Faster CNNs with Direct Sparse Convolutions and Guided Pruning: A Summary
This paper introduces novel methodologies to enhance the computational efficiency of Convolutional Neural Networks (CNNs) through direct sparse convolutions and guided pruning strategies. The authors aim to address the challenge of CNNs' excessive parameter count, which traditionally results in substantial computational overhead, particularly in the convolution layers that dominate CNNs' processing time.
Key Contributions
- Direct Sparse Convolutions: The authors propose a direct sparse convolution technique as a core advancement. This method reformulates sparse convolutions as sparse-matrix-dense-matrix multiplications without the usual overhead of lowering input tensors to matrices—a process noted to reduce arithmetic intensity and efficiency. This approach allows the convolution operations to maintain a high arithmetic intensity by using a "virtual" dense matrix, enhancing data reuse especially in multi-channel scenarios.
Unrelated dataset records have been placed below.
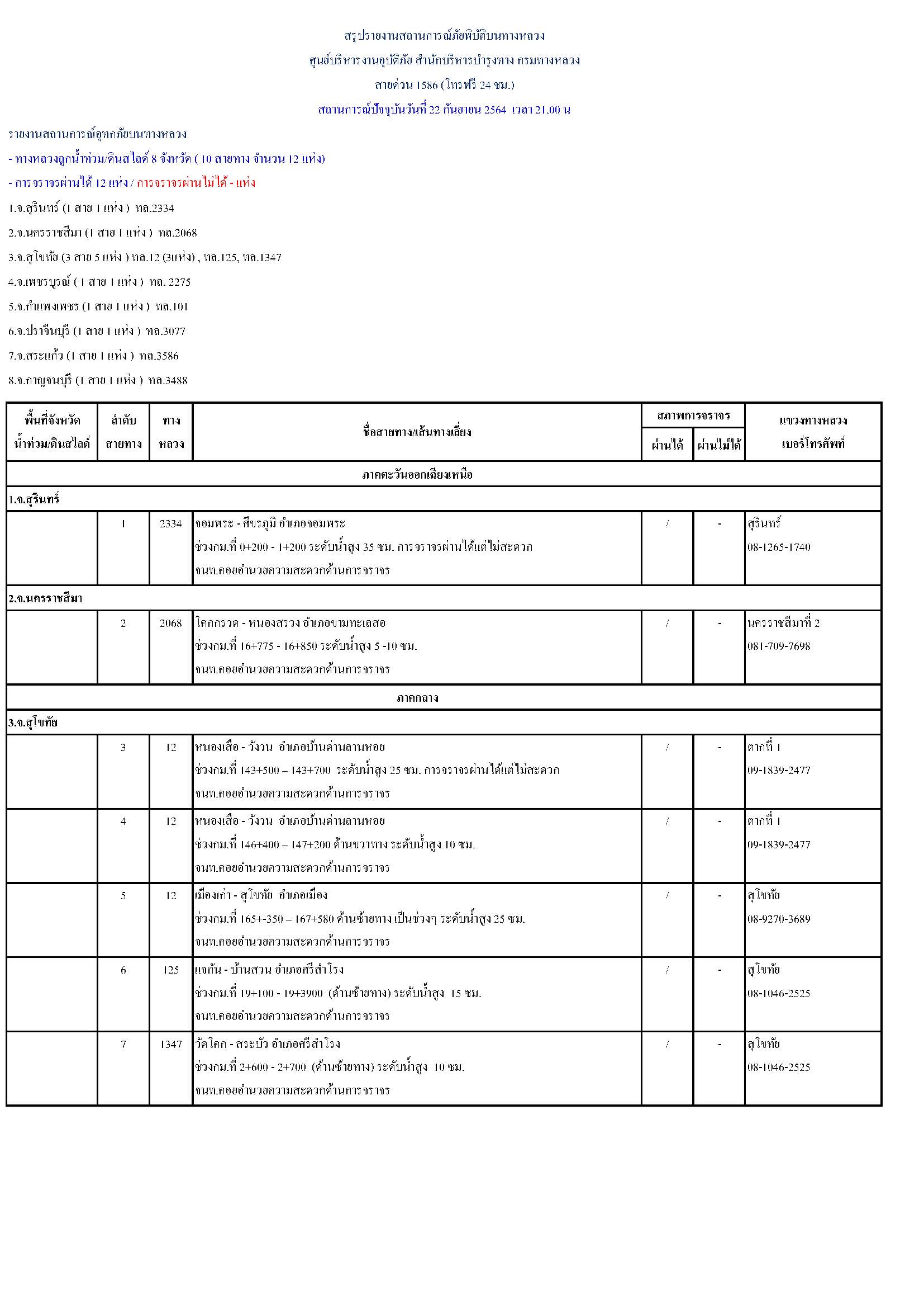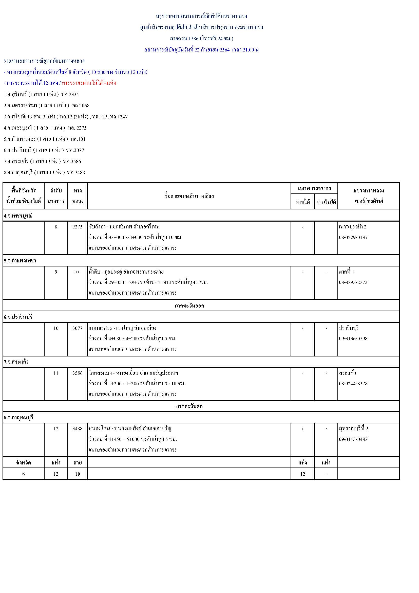 กรมทางหลวงขอรายงานสถานการณ์ น้ำท่วม และดินสไลด์ ในโครงข่ายทางหลวง วันพุธที่ 22 กันยายน 2564 เวลา21.00 น. ดังนี้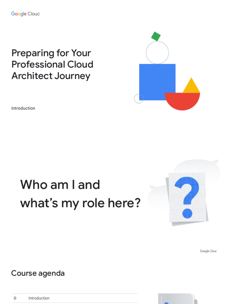 - Technically, no hard prerequisites (such as other GCP certs / courses / architect & cloud experience), but…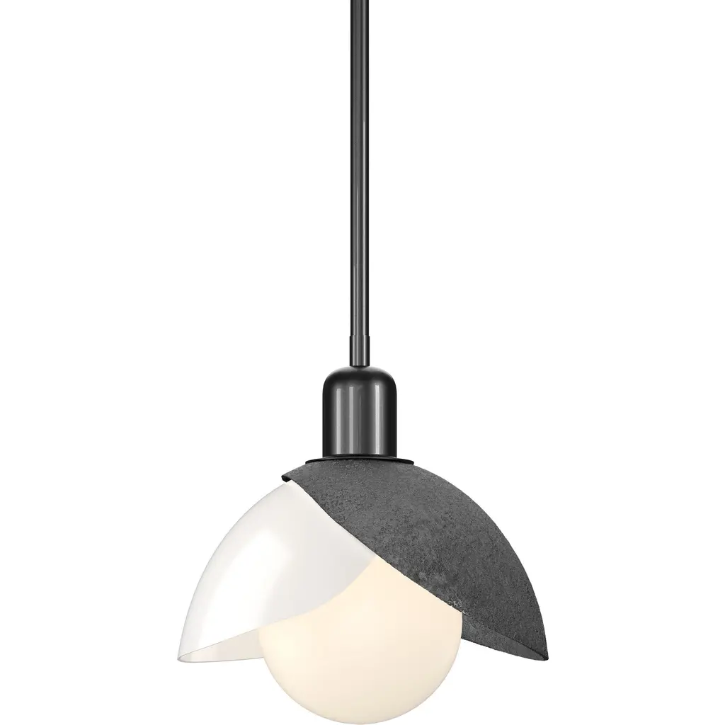 A larger single pendant, the Brooklyn Medium Double Shade Art GlassMini Pendant features the Brooklyn's hallmark forged and textured steel shadethat is uniquely paired with a contrasting white art glass shade to brilliant effect,with its exposed bulb that is nestled within the shades.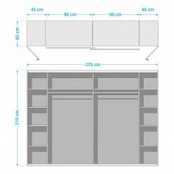 - Lieferumfang: Schwebetürenschrank mit Drehtürenelementen 10 Einlegeböden und 2 Kleiderstangen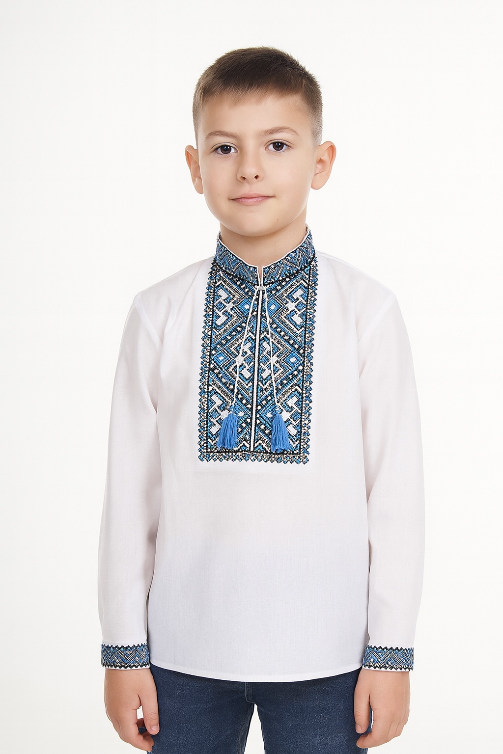 Сорочка -вишиванка арт.9906 🌈 білий з блакитним 6-12 років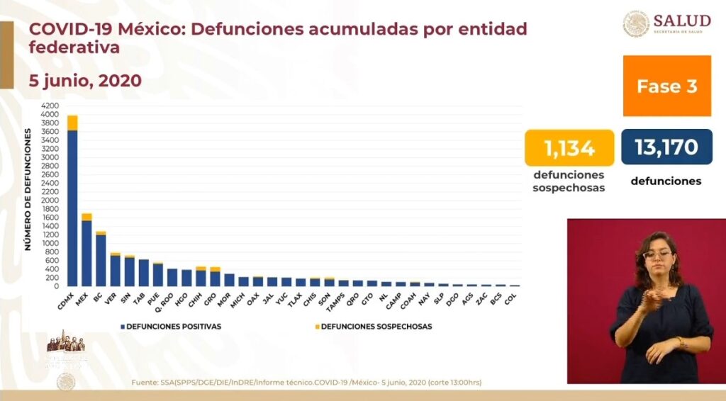 Osiris Olachea / La Voz de Michoacán Ciudad de México. Este viernes la Secretaría de Salud federal (Ssa) registró 4 mil 346 nuevos contagios de COVID-19, con lo que suman 110 mil 026 positivos en total en país, informó el director General de Epidemiología, José Luis Alomía Zegarra en la conferencia de prensa de este día. Hasta hoy han muerto 13 mil 170 personas por complicaciones de la enfermedad causada por el virus SARS-CoV-2, de las cuales 625 decesos se notificaron en las últimas 24 horas, aunque eso no significa que todas ocurrieron en ese lapso de tiempo, indicó el funcionario. Recordó que tanto los nuevos contagios como las defunciones dadas a conocer diariamente en Palacio Nacional son los casos confirmados por los estados en las últimas 24 horas, pero pudieron ocurrir días antes. De los más de 110 mil casos positivos de coronavirus en el país, solo 19 mil 015 continúan activos, de los cuales, 4 mil 300 le corresponden a la Ciudad de México, 2 mil 442 al Estado de México y 940 a Jalisco. Fuente: Dirección General de Epidemiología de la Secretaría de Salud. Diseño: Enrique Santiago, La Voz de Michoacán. El número de personas a las que se han practicado estudios para detectar si tienen el virus es de 324 mil 897, de las cuales 48 mil 822 continúan como sospechosos y 166 mil 049 obtuvieron un resultado negativo, es decir, no contrajeron el patógeno. La mayoría de casos acumulados se ubica en la zona conurbada del Valle de México (Ciudad de México-Estado de México) y Baja California. La incidencia calculada respecto a los casos acumulados es de 86.1 por cada 100 mi habitantes. La mayoría de los estados tienen entre mil y 3 mil positivos, seis entidades tienen menos de mil y siete tienen más de 3 mil. La capital mexicana reportó 29 mil 580 casos acumulados, 8 mil 358 sospechosos y 34 mil 669 negativos. En seguida, el Estado de México acumuló 17 mil 815 pacientes infectados, 8 mil 158 casos sospechosos y ha descartado el virus en 20 mil 837 personas. Baja California dio cuenta de 5 mil 784 contagios acumulados, mil 084 muestras en análisis y 3 mil 372 casos descartados. En cuanto a los casos activos, Jalisco escaló a la tercera posición con más contagios, al reportar 940, solo antes de la Ciudad de México (4,300 activos) y el Estado de México (2,442), que desde el inicio de la epidemia han concentrado la mayoría de casos. La tasa de incidencia actual respecto a los casos activos es de 14.9 por cada 100 mil habitantes, superior a la registrada hace dos semanas, que era de 10.4, de acuerdo con el corte presentado hoy. Los estados con la mayor incidencia de casos activos son Ciudad de México, Tabasco, Aguascalientes, Sinaloa, Quintana Roo y Yucatán. Defunciones De los 13 mil 170 fallecimientos por coronavirus en México, 3 mil 631 ocurrieron en la Ciudad de México, mil 531 en el Estado de México y mil 200 en Baja California. De acuerdo con el reporte nacional, con corte a las 13:00 horas de este viernes, en Veracruz, 721 personas han perdido la vida, 673 en Sinaloa, 626 en Tabasco, 525 en Puebla, 411 en Quintana Roo, 386 en Hidalgo, 376 en Chihuahua, 347 en Guerrero y 295 en Morelos. Dicho conteo, prosigue Michoacán con 220 muertes, 215 en Oaxaca, 213 en Jalisco, 207 en Yucatan, 183 en Tlaxcala, 176 en Chiapas, 165 en Sonora, 140 en Tamaulipas y 139 en Querétaro. Guanajuato dio cuenta de 134 decesos, Nuevo León de 109, Campeche de 103, Coahuila de 91, Nayarit de 81, San Luis Potosí 62, Durango 49, Aguascalientes 48 y Zacatecas 43. Por último, Baja California Sur contabilizó 41 fallecimientos, en tanto que Colima mantuvo la cifra en 29. Con información de Notimex Fuente: Dirección General de Epidemiología de la Secretaría de Salud. Diseño: Enrique Santiago, La Voz de Michoacán. Fuente: Dirección General de Epidemiología de la Secretaría de Salud. Diseño: Enrique Santiago, La Voz de Michoacán.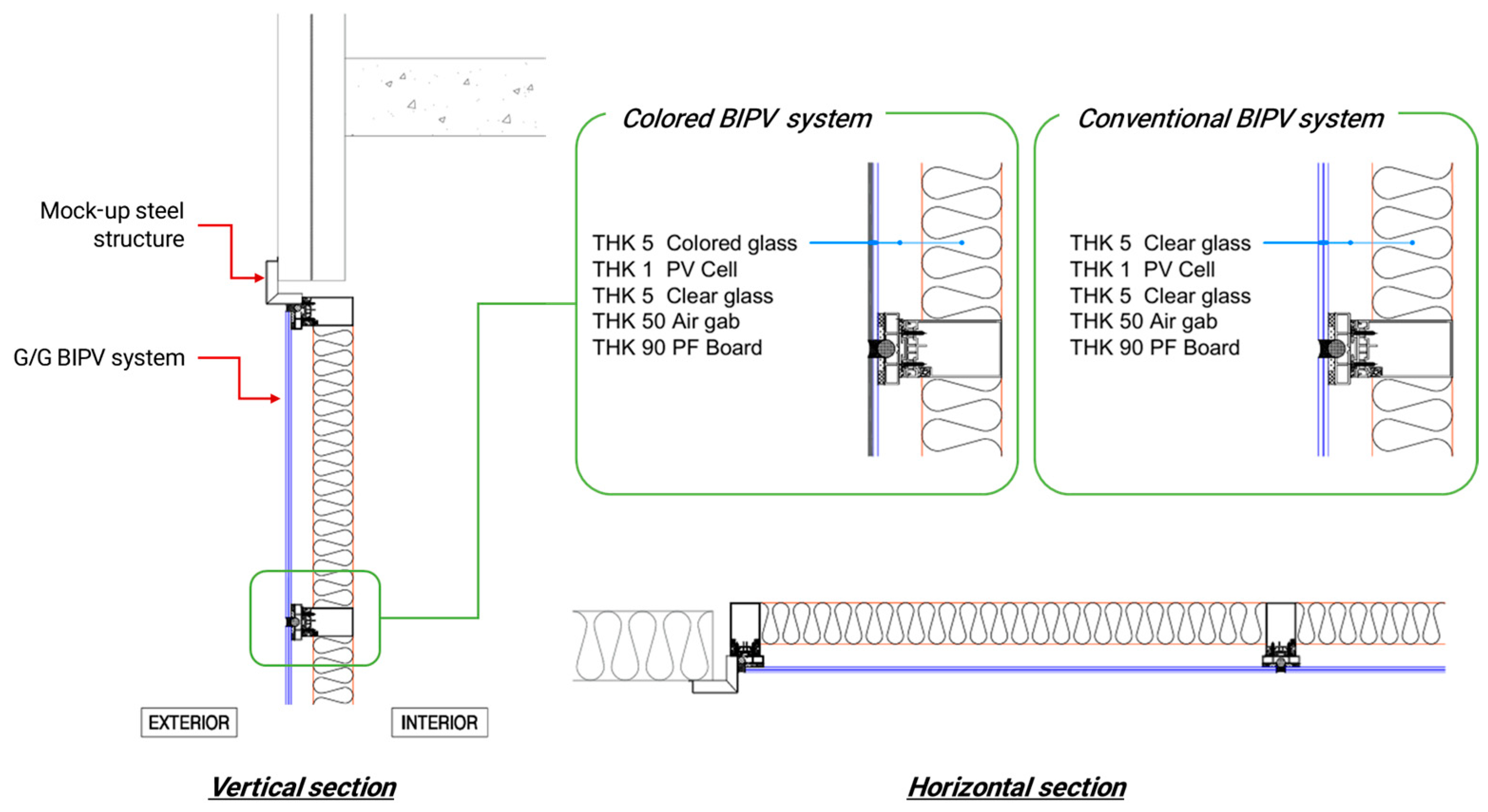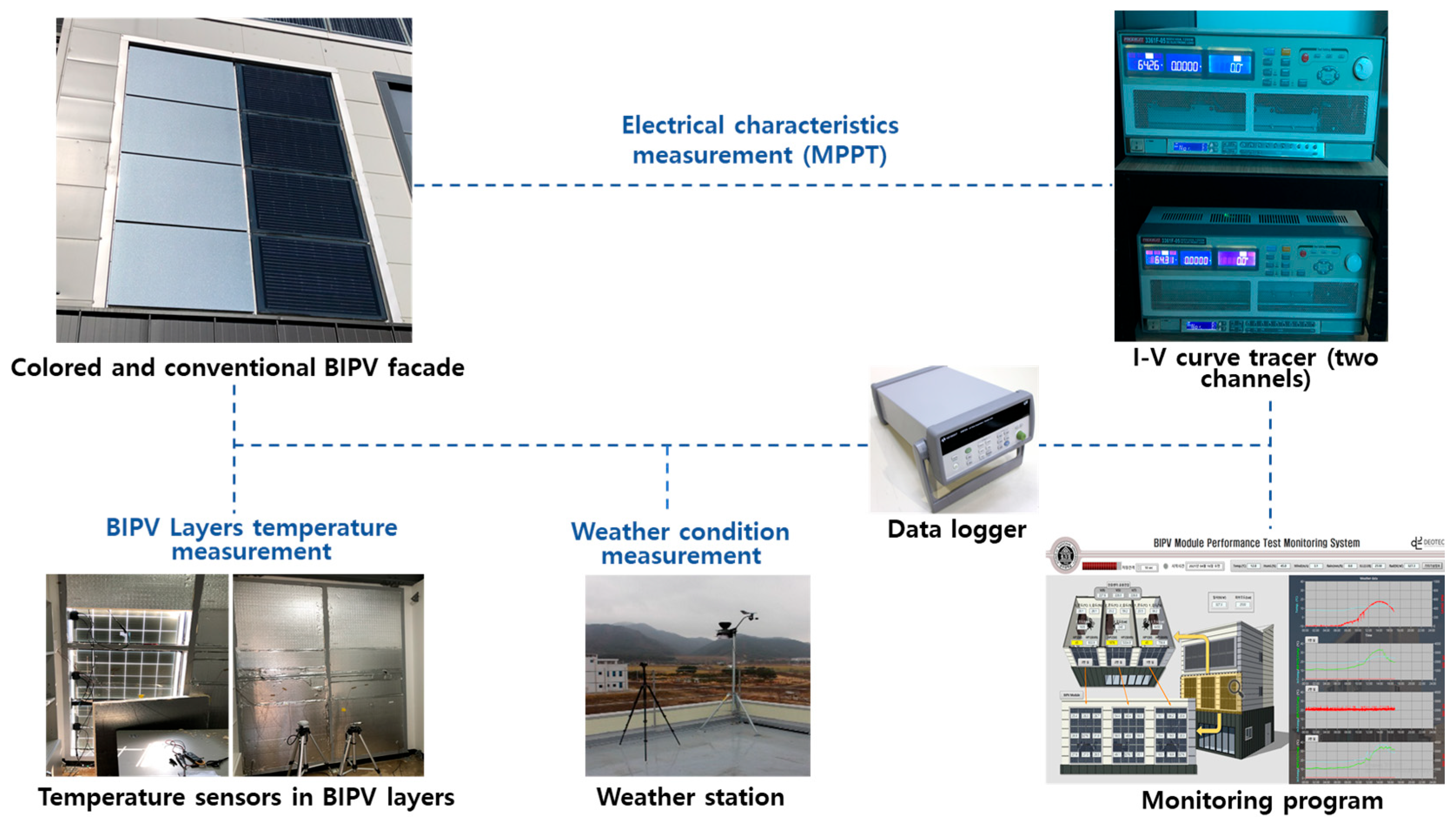 5]. However, unlike conventional BIPV systems, colored BIPV systems exhibit different performance characteristics in terms of temperature, electrical efficiency, and other factors due to the optical properties of the materials used, such as reflectance and transmittance, and thermal transfer differences based on rear insulation conditions. Therefore, a comprehensive performance evaluation considering these factors is necessary.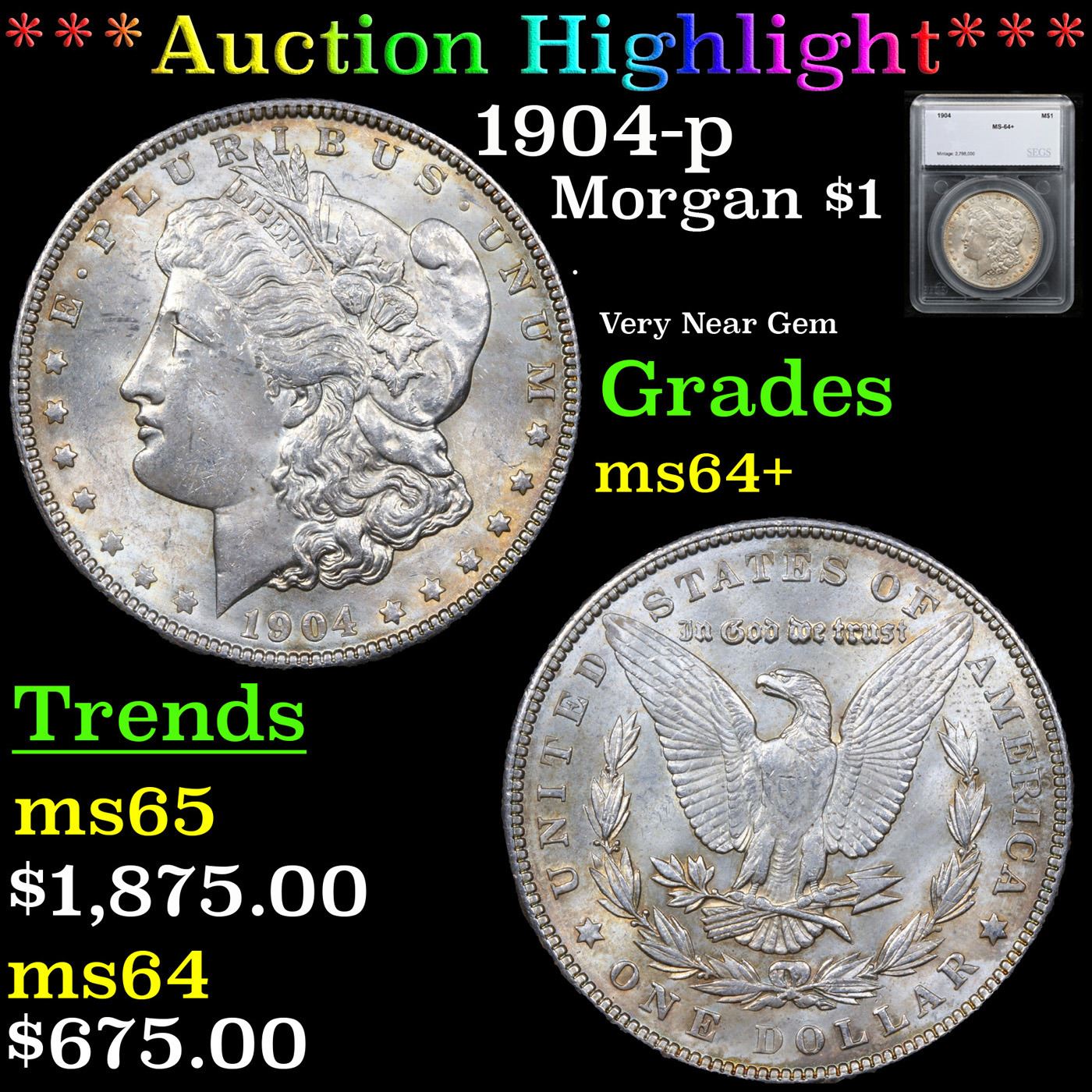 ***Auction Highlight*** 1904-p Morgan Dollar $1 Graded ms64+ By SEGS.

- Performance Modelling: A sophisticated performance model is developed to predict speedup potentials and guide the pruning process. The model uses the operational roofline to calculate potential speed improvements depending on the non-zero density of the sparse convolution kernels and the characteristics of specific processor architectures. Notably, the model demonstrates that even moderate sparsity in the range of 70% can facilitate substantial speed increases using the devised methods.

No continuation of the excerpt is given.